Digital workplace encompasses several broad technologies, including mobility, analytics, customization, cloud, collaboration and security. The goal is to enable workers to have the information and applications they need to do their jobs, and presented to them in a manner that they desire.
Given this broad definition, an increasing number of technology vendors -- offering everything from digital whiteboards to document collaboration platforms -- are defining their products as a "digital workplace."
The idea of a digital workplace is a subset of digital transformation, focusing on internal applications and environments designed to support work. Nemertes defines three phases for a successful digital workplace project:
- Commencement. In this first phase, organizations become aware of the need to develop a digital workplace strategy. Often, they look for low-hanging fruit, such as integrating apps into a role-based portal and customizing information like personalized news feeds.
- Execution. Next, organizations increase the integration of more complex applications, such as unified communications and collaboration and business processes.
- Innovation. Lastly, organizations would analyze and deploy emerging technologies, such as augmented reality, machine learning and artificial intelligence.

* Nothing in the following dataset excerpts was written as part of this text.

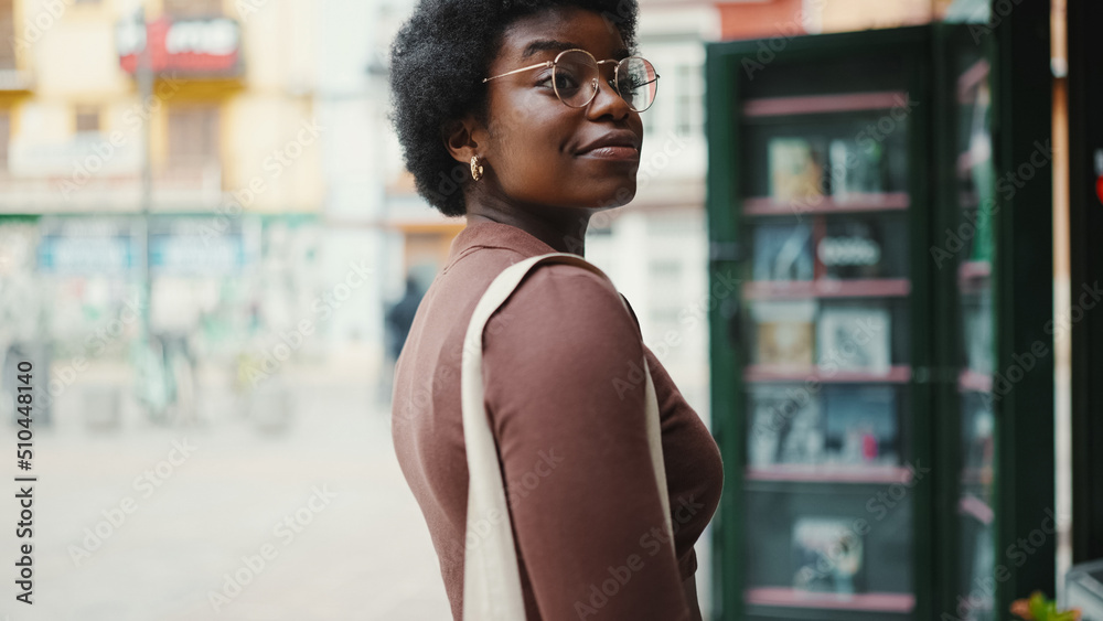 Beautiful brunette woman looking dreamy outdoors, wearing glasse
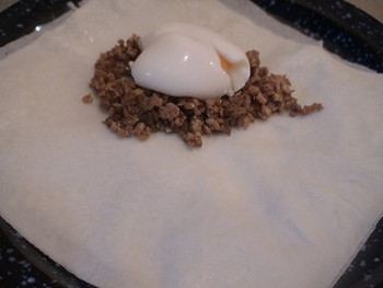 4.【A】を混ぜ合わせてのりをつくる。春巻の皮を2枚重ねて、皮の上部中央に3の半熟卵を置き、周りに2の挽き肉をのせる(写真右)。
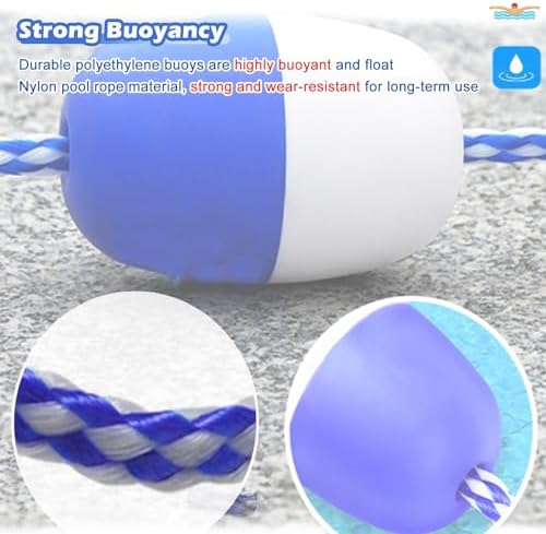Enhance your pool safety with our premium Pool Safety Divider Rope, designed for both residential and commercial use, including hotels, resorts, and community pools. This essential tool not only promotes safety but also optimizes your swimming experience. **Specifications:** - **Color:** Blue & White - **Float Material:** Durable Polyethylene - **Rope Material:** High-Quality Nylon - **Quantity:** 2 pcs/m - **Single Float Size (WxL):** 7x10cm (2.7x3.9in) **Product Features:** - **Safety First:** Clearly marks the waterline in lakes and pools to prevent accidents. - **Effective Division:** Easily separates shallow and deep ends in your pool, enhancing safety for swimmers of all ages. - **Secure Installation:** Designed to stay in place, the buoys can be effortlessly strung across your pool. - **Versatile Use:** Ideal for both above-ground and in-ground swimming pools, making it suitable for various settings. - **Competition Ready:** Perfect for indoor and outdoor pools, facilitating lap separation during practice or competitions. - **Easy Attachment:** Comes with hooks for quick and secure installation on both sides of the pool. **Package Includes:** - 1 × Pool Safety Divider Rope - 2 × Hooks **Warm Tips:** - Handcrafted products may have a slight size variation of 1-3 cm. - Actual product colors may vary due to display and lighting conditions. Invest in safety and enhance your swimming experience with our Pool Safety Divider Rope. Enjoy peace of mind knowing your pool is a safer place for everyone!
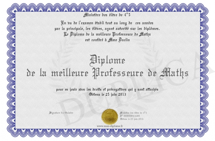 Envoyez par email votre Diplome de la meilleure Professeure de Maths personalisé

Other examples of digital workplace technologies in the execution and innovation phases include human-to-machine interfaces, embedded biometric security and advanced collaboration tools, such as digital whiteboards and coauthoring.
Integrating apps is a key first step
According to a Nemertes digital transformation study, 69.3% of companies have started a digital workplace strategy, but just 18.5% have completed one. Measuring the success of a digital workplace strategy typically involves looking at business metrics, such as reduced project times, more efficient responses to opportunities or customer inquiries, use of provided services or revenue per employee.

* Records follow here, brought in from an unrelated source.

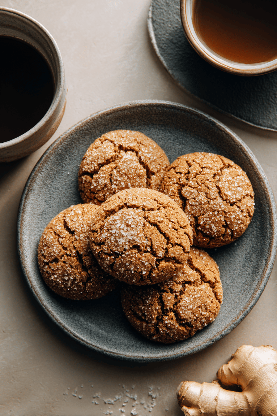 Biscoitos com toque intenso de gengibre, textura firme nas bordas e maciez no centro. Troqueu melaço por melado de cana e gengibre cristalizado por raspas de laranja seca para twist. Massa que não resseca, fácil de manusear, com bom equilíbrio entre especiarias e doçura. Fácil de armazenar em pote hermético, mantém aroma e textura por dias.
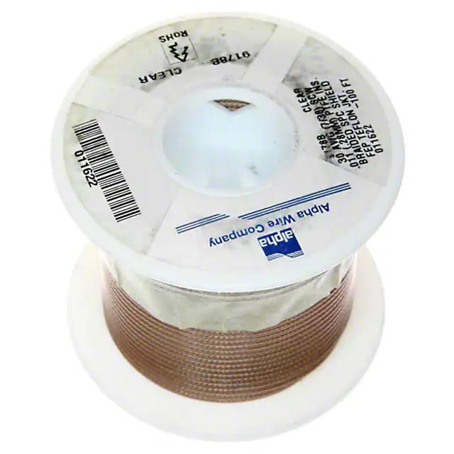 This is manufactured by Alpha Wire. The manufacturer part number is 9178B CL005. It is assigned with possible HTSUS value of 8544.20.0000. The product is rohs3 compliant. Its jacket is made from highly insulated fluorinated ethylene-propylene (fep) materials. It also features a 7 strands / 38 awg conductor strand. Moreover, the product is constructed from highly tetrafluoroethylene (tfe) dielectric material. In addition, it is reach unaffected. It has an impedance value of 50 ohms. Cable Group Options: rg-178b. It is shipped in spool. Moreover, the product has a wire gauge of 30 awg (0.06mm²). The item is shielded with a braid. Its typical moisture sensitivity level is 1 (unlimited). Its accurate length is 100.0' (30.48m). It has a long 26 weeks standard lead time. It covers shielding capability up to 96%. The diameter of the jacket is 0.071" (1.80mm). The conductor is made from steel, silver coated material. It is a typical coaxial cable. The product is shielded with a robust copper, silver coated shield materials. The product is designated with the ear99 code number Moreover, it corresponds to 9178b, a base product number of the product. It comes in nice natural colour.
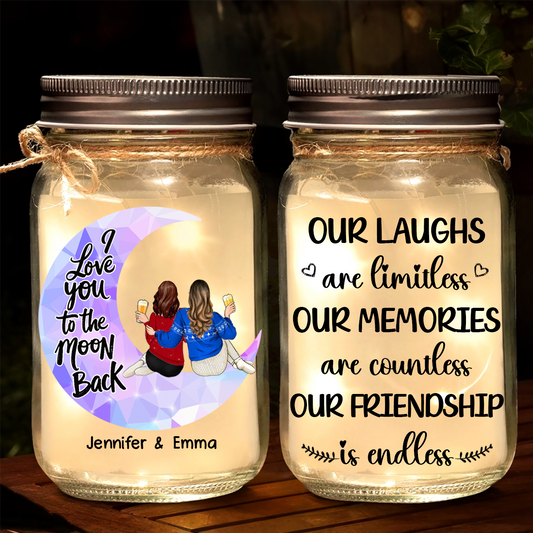 Besties I Love You To The Moon & Back - Personalized Mason Jar Light
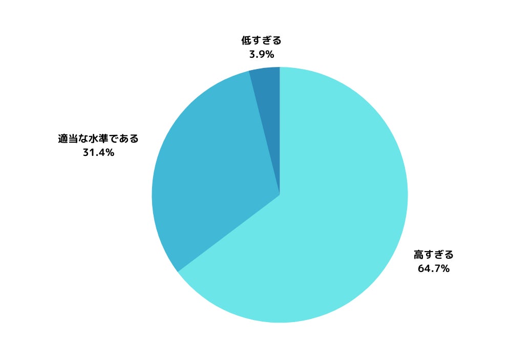 最も多かった回答は「高すぎる(64.7%)」、以降「適当な水準である(31.4%)」、「低すぎる(3.9%)」と続く結果になりました。
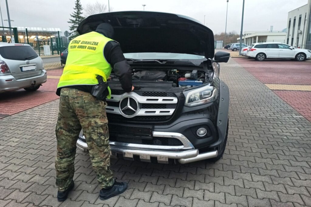 Na przejściu granicznym w Zosinie zatrzymano Mercedesa klasy X. Skradziony pick-up miał podrobione tablice i sfałszowane dokumenty.
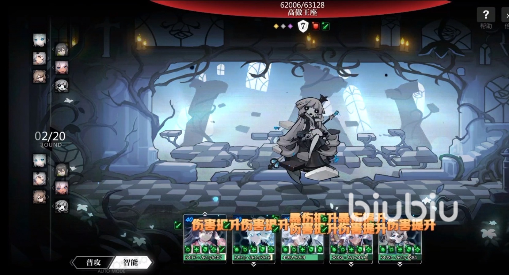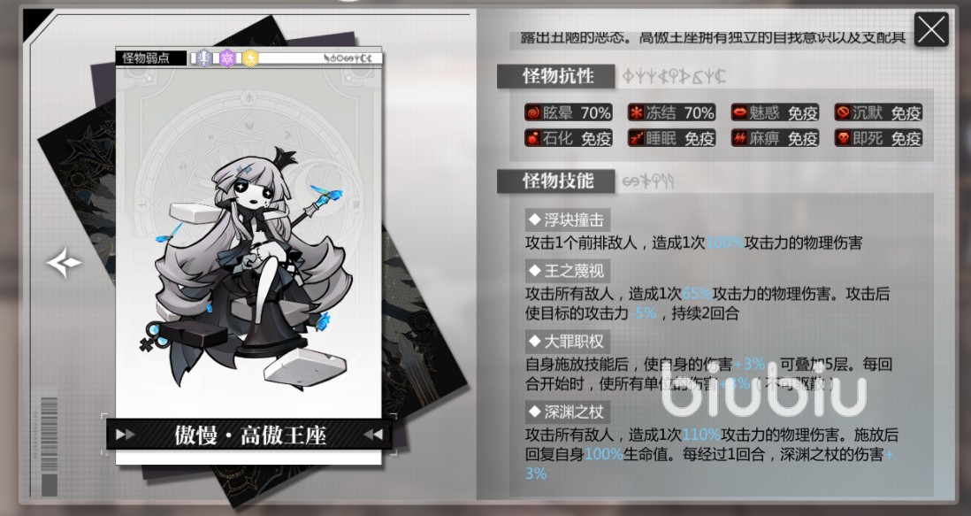 高傲王座的難點在于他會無限吸血,好不容易打到半管血,一不注意又讓他給回滿了,通過回血來消耗我方隊伍。所以打高傲王座boss最關(guān)鍵在于能夠打斷boss的回血或者讓他不回血,那么帶一個有控制技能的角色就非常有必要了。

Many companies start their digital workplace strategies by looking at how employees access information and applications. They also investigate opportunities to enable customization, role-based provisioning and integrating apps.

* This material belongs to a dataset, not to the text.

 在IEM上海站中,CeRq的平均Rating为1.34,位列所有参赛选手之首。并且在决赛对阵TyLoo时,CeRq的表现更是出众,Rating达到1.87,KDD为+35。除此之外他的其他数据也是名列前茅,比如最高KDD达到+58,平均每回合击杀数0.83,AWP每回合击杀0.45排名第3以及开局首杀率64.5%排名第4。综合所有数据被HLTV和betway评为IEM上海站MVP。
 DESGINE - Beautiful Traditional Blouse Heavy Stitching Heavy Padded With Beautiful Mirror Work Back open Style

For example, a commencement phase may include integrating apps such as team chat and video conferencing with existing business apps into a desktop portal. Some organizations develop their own digital workspaces, while others invest in platforms such as Akumina InterChange, BMC Digital Workplace, Igloo or Unily Hub. Companies will use these platforms as the basis for collaboration, communications, business application and information integration.
Other companies look to existing collaboration applications, such as Microsoft Office 365, Cisco Spark or Slack, as the basis for their digital workplace environment. From there, organizations typically extend their digital workplace experiences to mobile devices, integrating apps for business processes and information sources. They also might evaluate the previously noted emerging technologies in their digital workplace strategy.
Digital workplace projects typically have no definitive end. Even companies that say they've completed a digital workplace project usually have only defined a short-term strategy.
Because digital workplace projects involve analyzing and deploying emerging technologies, the projects are continuous, providing the framework for constant analysis and refinement as the technology landscape changes. If you haven't yet started a digital workplace project, now is the time to do so.